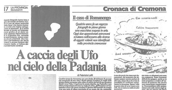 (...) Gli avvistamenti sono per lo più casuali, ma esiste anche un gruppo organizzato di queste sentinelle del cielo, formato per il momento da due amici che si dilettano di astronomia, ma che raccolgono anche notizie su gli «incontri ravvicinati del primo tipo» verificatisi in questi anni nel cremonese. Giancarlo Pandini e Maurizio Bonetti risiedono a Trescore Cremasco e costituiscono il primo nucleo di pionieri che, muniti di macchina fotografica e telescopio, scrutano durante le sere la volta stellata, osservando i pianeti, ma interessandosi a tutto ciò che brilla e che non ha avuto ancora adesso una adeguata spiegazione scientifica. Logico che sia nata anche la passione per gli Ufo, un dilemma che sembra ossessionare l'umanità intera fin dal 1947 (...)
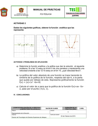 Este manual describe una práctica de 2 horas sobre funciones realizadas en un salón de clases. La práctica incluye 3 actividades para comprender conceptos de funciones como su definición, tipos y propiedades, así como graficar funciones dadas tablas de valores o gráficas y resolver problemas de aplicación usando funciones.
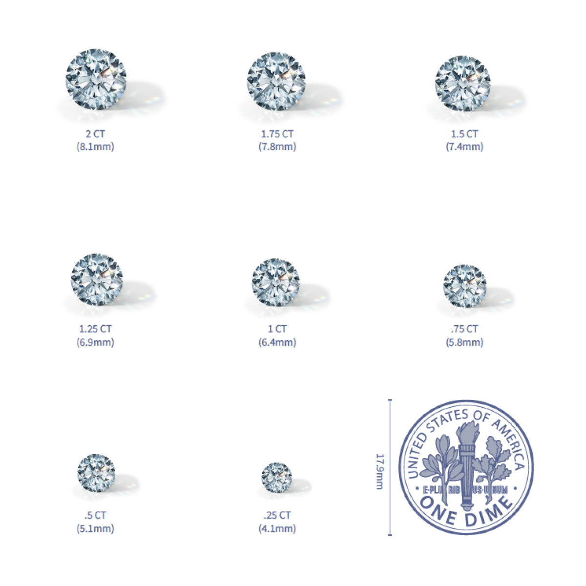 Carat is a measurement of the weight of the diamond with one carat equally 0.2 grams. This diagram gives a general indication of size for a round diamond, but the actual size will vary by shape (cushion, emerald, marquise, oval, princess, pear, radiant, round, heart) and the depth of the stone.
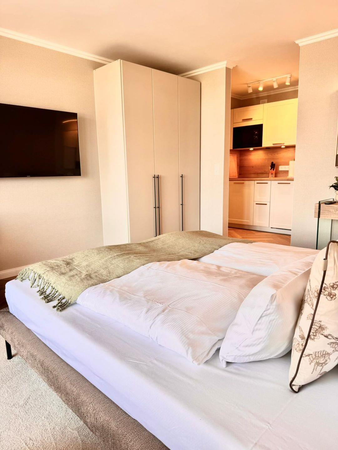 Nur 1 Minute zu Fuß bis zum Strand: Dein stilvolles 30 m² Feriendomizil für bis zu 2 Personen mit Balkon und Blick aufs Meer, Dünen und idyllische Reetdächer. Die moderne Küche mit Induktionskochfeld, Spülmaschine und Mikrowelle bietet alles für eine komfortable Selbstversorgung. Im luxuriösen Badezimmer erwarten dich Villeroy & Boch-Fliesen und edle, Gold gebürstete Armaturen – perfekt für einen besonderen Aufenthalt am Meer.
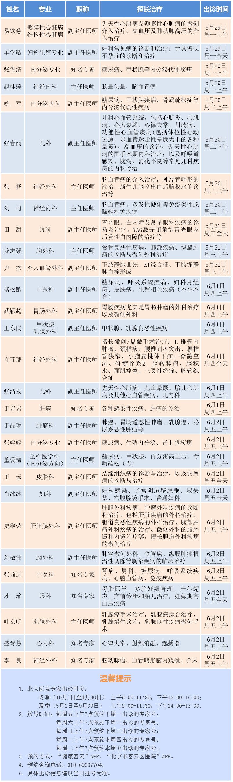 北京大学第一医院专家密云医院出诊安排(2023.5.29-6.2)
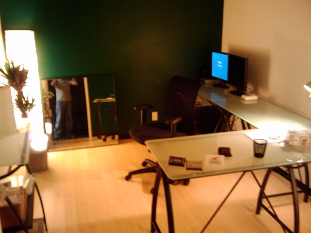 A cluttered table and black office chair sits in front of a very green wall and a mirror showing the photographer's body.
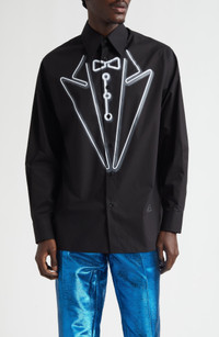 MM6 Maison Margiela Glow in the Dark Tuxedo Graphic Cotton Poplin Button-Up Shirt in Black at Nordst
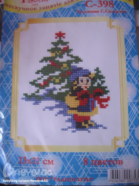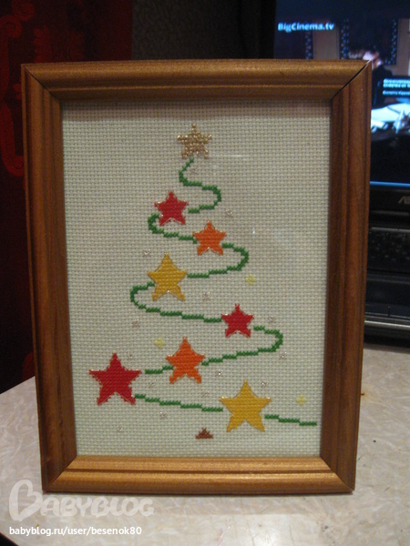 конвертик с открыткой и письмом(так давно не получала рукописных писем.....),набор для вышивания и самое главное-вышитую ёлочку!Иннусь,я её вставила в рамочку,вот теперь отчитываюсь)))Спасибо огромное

...

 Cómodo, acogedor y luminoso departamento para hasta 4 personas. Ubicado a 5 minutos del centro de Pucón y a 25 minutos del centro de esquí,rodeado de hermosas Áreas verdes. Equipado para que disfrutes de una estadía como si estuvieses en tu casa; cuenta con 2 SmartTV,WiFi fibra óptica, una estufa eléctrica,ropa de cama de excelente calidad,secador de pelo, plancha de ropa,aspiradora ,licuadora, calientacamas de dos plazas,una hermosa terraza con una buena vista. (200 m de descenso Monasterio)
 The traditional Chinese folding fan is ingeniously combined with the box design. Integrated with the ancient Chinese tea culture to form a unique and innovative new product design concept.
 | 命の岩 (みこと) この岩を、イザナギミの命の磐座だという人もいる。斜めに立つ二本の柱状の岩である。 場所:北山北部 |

▸ **Prompt**: All lines above from the line with "Cómodo, acogedor y" through the line with "この岩を、イザナギミの命の磐座だという人もいる。斜めに立つ二本の柱状の岩である。 場所:北山北部 |", both included, are to be set down exactly, with nothing else.

▸ **Solution to this exercise**:
 Cómodo, acogedor y luminoso departamento para hasta 4 personas. Ubicado a 5 minutos del centro de Pucón y a 25 minutos del centro de esquí,rodeado de hermosas Áreas verdes. Equipado para que disfrutes de una estadía como si estuvieses en tu casa; cuenta con 2 SmartTV,WiFi fibra óptica, una estufa eléctrica,ropa de cama de excelente calidad,secador de pelo, plancha de ropa,aspiradora ,licuadora, calientacamas de dos plazas,una hermosa terraza con una buena vista. (200 m de descenso Monasterio)
 The traditional Chinese folding fan is ingeniously combined with the box design. Integrated with the ancient Chinese tea culture to form a unique and innovative new product design concept.
 | 命の岩 (みこと) この岩を、イザナギミの命の磐座だという人もいる。斜めに立つ二本の柱状の岩である。 場所:北山北部 |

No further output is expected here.